If we understand a place to be its buildings, roads, and houses, then the old Yungay has disappeared. But if place is also made of memories, dreams, and aspirations, then the old Yungay is still existent. Pictures of the old Yungay hang everywhere in the new settlement. The photographs here were taken in homes, hotels, restaurants, shops, schools, and governmental departments.
Most of these images are portraits of the old colonial square. They foreground the whitewashed, neobaroque church, and its surrounding palm trees. In the background stands the majestic Huascarán mountain.
Others are photographs that were taken in the immediate aftermath of the earthquake. They show the trajectory of the landslide from a birds’ eye view or focus on important sites of its mass destruction.
These are depictions of a past that evokes pride and nostalgia. Some of Yungay’s oldest residents dream of old Yungay as the future. They wish that the new Yungay could become what it once was, or what it could have been, before the disaster. They long to recuperate their homes and their lands that were lost after the landslide. Like these images, such desires haunt Yungay like ghostly apparitions or faded possibilities.

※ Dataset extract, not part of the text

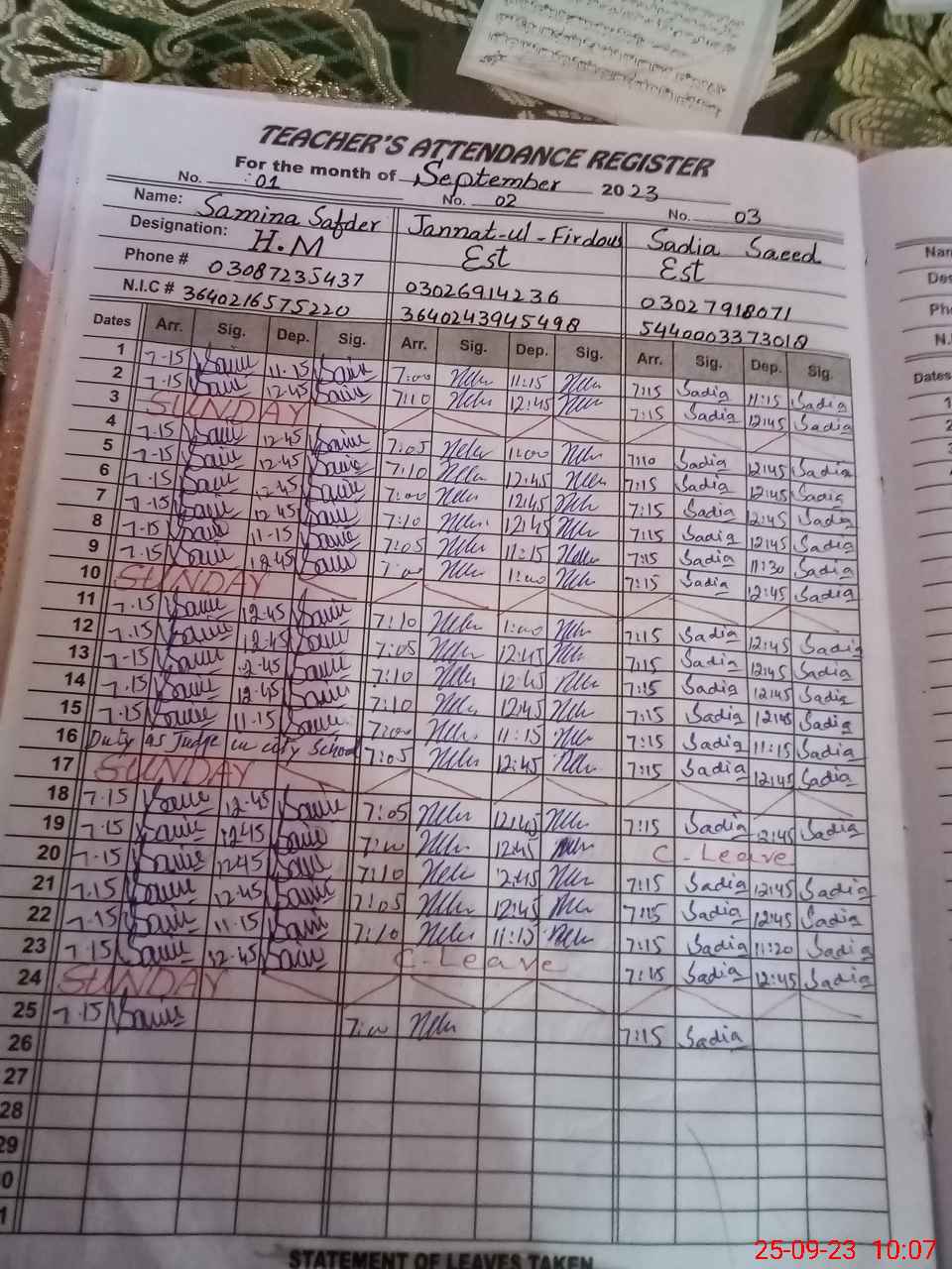 | CNIC | Full Name | Designation | R/C | Absence during last cal. month |

But other people remember Yungay as it was with great pain and difficulty. These recollections of Yungay are visceral, and summon memories of misery and mistreatment. Yungay was a place of deeply ingrained social hierarchies and inequalities that functioned on the basis of class, race, religion, and ethnicity. The disaster was hellish, but it also created opportunities for those systematically excluded by this old order. Families were offered houses and work during the initial phases of the reconstruction process.